Kto da za jak najmniej
Tylko w Niemczech sieć Lidla obejmuje 3300 sklepów. Nawet dla koncernu takiego jak Coca-Cola utrata takiego rynku zbytu może być bolesna, ale przypuszczalnie nie chciał się zgodzić na dalsze zaniżanie cen.
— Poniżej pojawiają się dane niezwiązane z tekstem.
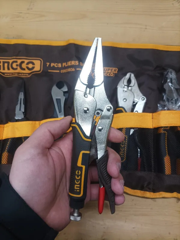 • клещи зажимные с длинным носом 230 мм INGCO Industrial — 1 шт.;
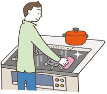 コンロまわりは、調理後の予熱で溫かいうちに、飛び散った油や煮汁などを拭き取っておきます。

W Niemczech tymczasem toczy się zażarta wojna o klienta. Sieci dyskontowe starają się go przyciągnąć jak najniższymi cenami produktów. Sytuację zaostrzył Aldi, który w miniony weekend o blisko 10 centów obniżył ceny śniadaniowych produktów, m.in. musli i jogurtów. Jak stwierdził koncern, „oddaje klientom swoje oszczędności”. Tydzień wcześniej także Aldi obniżył ceny kawy i herbaty, jajek i salami – na przykład cenę 10 jajek z 1,29 euro na 0,99 euro.
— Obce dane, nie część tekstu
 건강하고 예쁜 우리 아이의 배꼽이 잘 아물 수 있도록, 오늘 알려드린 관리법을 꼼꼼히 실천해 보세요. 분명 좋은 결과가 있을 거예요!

Na obniżenie cen przez jedną sieć, inne reagują natychmiast tym samym. Rywale Aldiego – sieci Lidl czy REWE odpowiedziały specjalnymi promocjami, codziennie prezentują paletę produktów po zaniżonych cenach. Sieć supermarketów Real uruchomiła kilka miesięcy temu produkcję wyrobów własnej marki. Produkty spożywcze Realu są jeszcze tańsze, niż u konkurentów. Dokładniejszych informacji na temat ich pochodzenia konsument jednak nie otrzymuje. Płacąc mniej musi się liczyć z gorszą jakością produktów.